El autor se hace diversas preguntas, entre las cuales están ¿son nuestros sentidos los que dotan de
distintas cualidades a los objetos o las tienen ellos así? ¿Qué podemos resolver acerca de su
verdadera esencia? Además, cuando estamos enfermos, cuando soñamos y cuando dormimos nos
parecen las cosas distintas que a los sanos, a los juiciosos y a los que velan, ¿no es posible que
nuestro estado normal doten a las cosas de un ser a su medida?

Si nuestro estado adapta las cosas a sí mismo y las transforma según él, entonces no sabemos cómo
son las cosas de verdad, ya que todo llega a nosotros falsificado y alterado por nuestros sentidos.

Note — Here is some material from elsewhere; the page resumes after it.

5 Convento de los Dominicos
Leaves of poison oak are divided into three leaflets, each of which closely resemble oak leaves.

Para juzgar de las apariencias de los objetos que recibimos, necesitamos de un instrumento atinado,
para comprobar ese instrumento necesitamos demostración, para comprender la demostración, de
un instrumento: estamos en un círculo vicioso. Puesto que los sentidos no pueden cortar nuestra
disputa por ser ellos inseguros, es necesario que lo haga la razón. Sin embargo, ninguna razón se
establecerá sin otra razón, y se vuelve al infinito. Nuestro pensamiento no se aplaca a las cosas
objetivas sino que surge mediante la intervención de los sentidos, y los sentidos no comprenden el
objeto tal como es, sino solo sus propias sensaciones, por lo que la idea y apariencia no es del
objeto sino solo de la sensación padecida por el sentido, y sensación y objeto son cosas distintas.

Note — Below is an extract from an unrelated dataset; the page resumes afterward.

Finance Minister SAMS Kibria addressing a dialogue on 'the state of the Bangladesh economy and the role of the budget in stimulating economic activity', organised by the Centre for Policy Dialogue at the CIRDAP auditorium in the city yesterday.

El autor concluye que no hay ninguna existencia constante; ni de nuestro ser, ni del de los objetos.
Nosotros y nuestro juicio y todas las cosas mortales van fluyendo y rondando sin cesar. Así, nada
puede establecerse seguro ni del uno ni del otro.

No tenemos comunicación alguna con el ser, porque toda naturaleza humana está siempre en medio
entre el nacer y el morir sin dar de sí más que una sombra. Así, estando las cosas sujetas a sufrir un
cambio tras otro, la razón al buscar en ellas una subsistencia real, queda decepcionada por no poder
aprehender nada que subsista y permanezca, porque todo, o bien va hacia el ser y aun no es algo del
todo, o bien comienza a morir antes de haber nacido. De manera que lo que empieza a nacer jamás
llega a la perfección del ser, pues este nacer no termina jamás, sino que desde la semilla va siempre
cambiando y transformándose de uno en otro.

Lo único que verdaderamente es, es lo eterno, lo que jamás tuvo nacimiento, ni tendrá jamás
muerte, aquello en lo que el tiempo jamás provoca cambio alguno. Pues el tiempo es cosa móvil, y
que aparece como en sombre, con la materia siempre fluyendo y corriendo, sin jamás quedarse
estable y permanente. Por lo que sería un pecado decir que Dios es el único que es, que fue o que
será. Pues estos términos son cambios de lo que no puede durar, ni conservar el ser. Así, se
concluye que solo Dios es, no según una medida del tiempo, sino según una eternidad inmutable e
inmóvil, no medida por el tiempo ni sujeta a cambio alguno.